Start of GIVEN INFORMATION
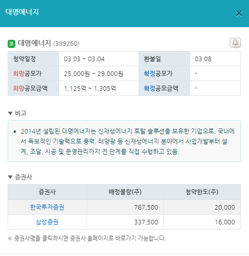 3월 공모주 청약일정 2. 대명에너지
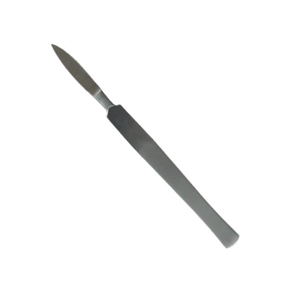 - Precyzyjny nóż chirurgiczny do cięcia tkanek i szwów podczas zabiegów chirurgicznych. Wielokrotnego użytku, ze stali nierdzewnej.
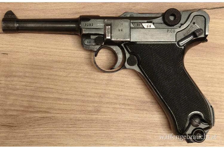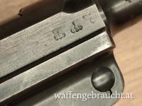 P08 mit makellosen schwarzen Bakelit-Griffschalen, Hersteller Mauser, Produktionsjahr 1941 (byf41 gemarkt), absolut nummerngleich, keine Fremdstempel, kein Neubeschuss, originales Finish! Abnahme WaA655, ausgegeben an das Heer (Wehrmacht).
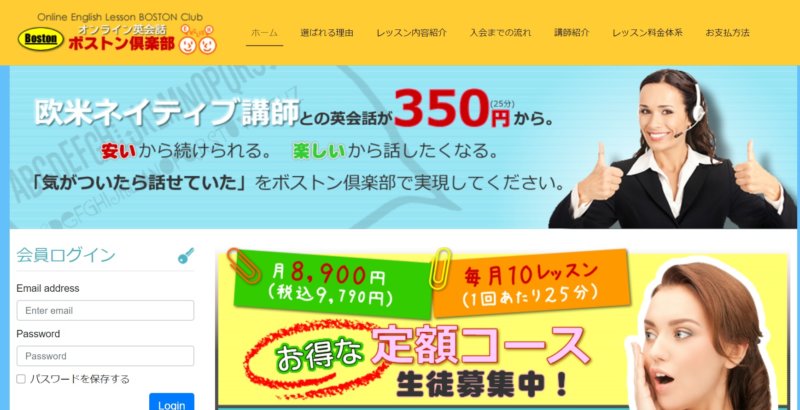 数々のオンライン英会話サービスの中でも、ネイティブ講師をメインとしているボストン倶楽部。
End of GIVEN INFORMATION
**WHAT YOU HAVE TO DO**
Could you reproduce exactly the lines from the first line of the listing through the line containing "- Precyzyjny nóż", both included, with pictures left out?

**EXERCISE OUTPUT**
 3월 공모주 청약일정 2. 대명에너지
 - Precyzyjny nóż chirurgiczny do cięcia tkanek i szwów podczas zabiegów chirurgicznych. Wielokrotnego użytku, ze stali nierdzewnej.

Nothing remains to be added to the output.